• Given information:
+++

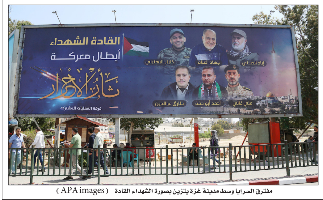
مفترق السرايا وسط مدينة غزة يتزين بصورة الشهداء القادة

طور فريق باحثين بجامعة أوبسالا السويدية وسيلة علاج جديدة لاستخدام الخلايا المناعية في الجسم للقضاء على الأورام السرطانية في المخ. ويعتبر الورم الأرومي الدبقي متعدد الأشكال من أخطر الأورام التي تصيب مخ الإنسان، خاصة بسبب قدرته على تعطيل رد الفعل المناعي الطبيعي للجسم على الأورام. وتهدف وسائل العلاج المناعي التقليدية إلى تنشيط رد الفعل المناعي ضد الأورام بخلايا مناعية معينة باسم الخلايا «تي». غير أن الأوعية الدموية داخل الورم السرطاني تعطل وصول الخلايا تي إلى الورم للقضاء عليه. وحسب الدراسة التي أوردتها الدورية العلمية Cancer Cell، استطاع الفريق تطوير وسيلة لمساعدة الخلايا تي للوصول إلى الورم والتعامل مع الخلايا السرطانية. وتعتمد فكرة البحث على استخدام ناقل فيروسي لإصابة الأوعية الدموية داخل الورم، ما يزيد إمكانية وصول الخلايا المناعية تي إلى أنسجة الورم. ونقل موقع «ميديكال إكسبريس» عن الباحثة آنا ديمبرغ «وجدنا أن الأوعية الدموية في الورم السرطاني تتغير شكلها ووظيفتها عند استهدافها بالناقل الفيروسي»، مضيفاً أن الناقل استحدث تفاعلاً داخل الأوعية ساعد في وصول الخلايا تي إلى الورم السرطاني. ويدرس الباحثون تطويع هذه الطريقة لعلاج المصابين بأنواع أخرى من الأورام الأرومية الدبقية.
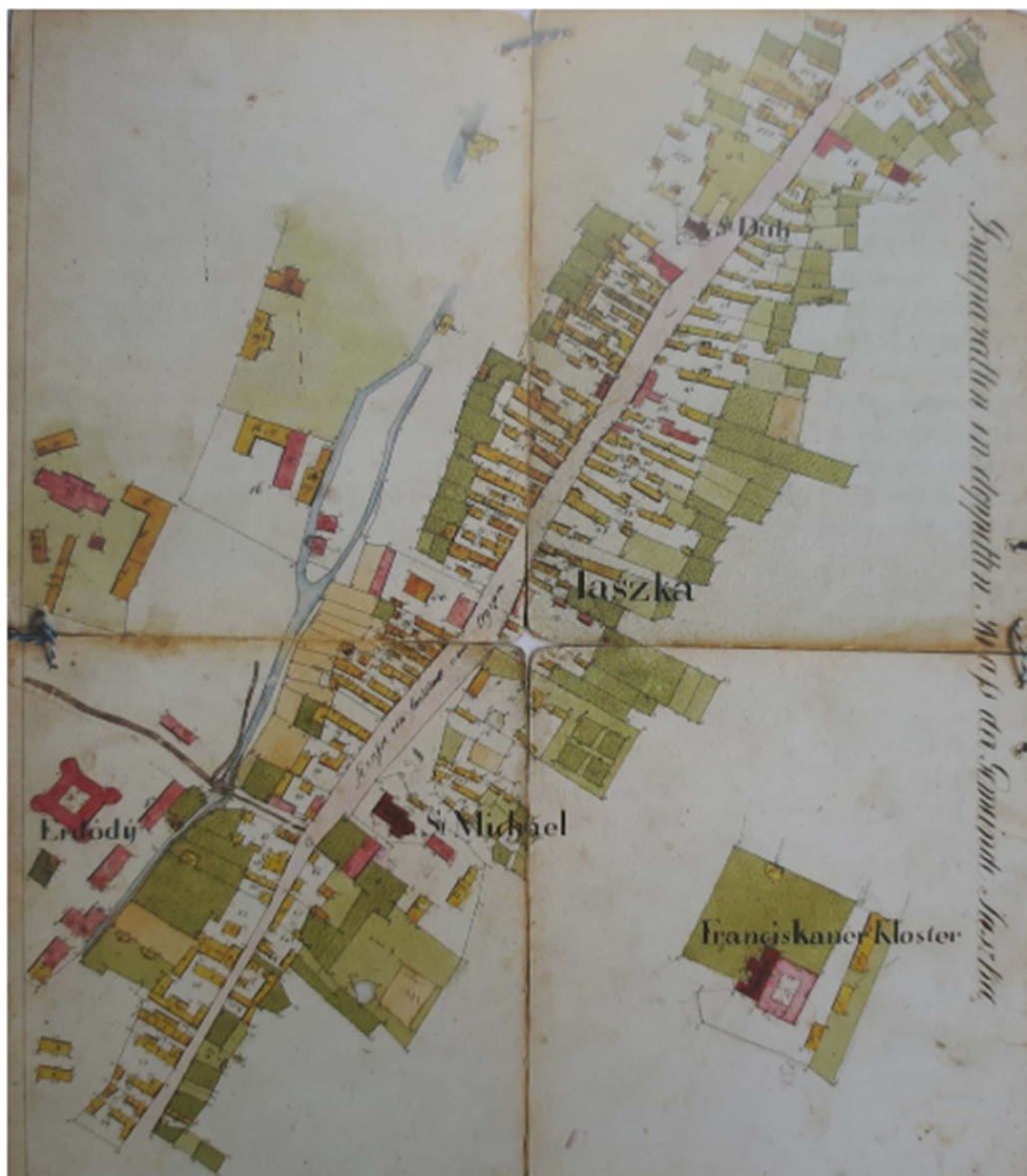
Slika 1. Prikaz lokacije parka i dvorca Erdödy, karta iz 1760. godine, Gradski muzej i galerija Jastrebarsko

Najstariji kartografski prikaz obuhvata budućeg perivoja s dvorcem je na Jozefinskoj karti iz 18. stoljeća, no na njemu tada još nema prikaza uređajne osnove perivoja (slika 1).

+++

• Problem description: Your answer must be an exact copy of the data above, minus its pictures.

• Task result:
مفترق السرايا وسط مدينة غزة يتزين بصورة الشهداء القادة

طور فريق باحثين بجامعة أوبسالا السويدية وسيلة علاج جديدة لاستخدام الخلايا المناعية في الجسم للقضاء على الأورام السرطانية في المخ. ويعتبر الورم الأرومي الدبقي متعدد الأشكال من أخطر الأورام التي تصيب مخ الإنسان، خاصة بسبب قدرته على تعطيل رد الفعل المناعي الطبيعي للجسم على الأورام. وتهدف وسائل العلاج المناعي التقليدية إلى تنشيط رد الفعل المناعي ضد الأورام بخلايا مناعية معينة باسم الخلايا «تي». غير أن الأوعية الدموية داخل الورم السرطاني تعطل وصول الخلايا تي إلى الورم للقضاء عليه. وحسب الدراسة التي أوردتها الدورية العلمية Cancer Cell، استطاع الفريق تطوير وسيلة لمساعدة الخلايا تي للوصول إلى الورم والتعامل مع الخلايا السرطانية. وتعتمد فكرة البحث على استخدام ناقل فيروسي لإصابة الأوعية الدموية داخل الورم، ما يزيد إمكانية وصول الخلايا المناعية تي إلى أنسجة الورم. ونقل موقع «ميديكال إكسبريس» عن الباحثة آنا ديمبرغ «وجدنا أن الأوعية الدموية في الورم السرطاني تتغير شكلها ووظيفتها عند استهدافها بالناقل الفيروسي»، مضيفاً أن الناقل استحدث تفاعلاً داخل الأوعية ساعد في وصول الخلايا تي إلى الورم السرطاني. ويدرس الباحثون تطويع هذه الطريقة لعلاج المصابين بأنواع أخرى من الأورام الأرومية الدبقية.
Slika 1. Prikaz lokacije parka i dvorca Erdödy, karta iz 1760. godine, Gradski muzej i galerija Jastrebarsko

Najstariji kartografski prikaz obuhvata budućeg perivoja s dvorcem je na Jozefinskoj karti iz 18. stoljeća, no na njemu tada još nema prikaza uređajne osnove perivoja (slika 1).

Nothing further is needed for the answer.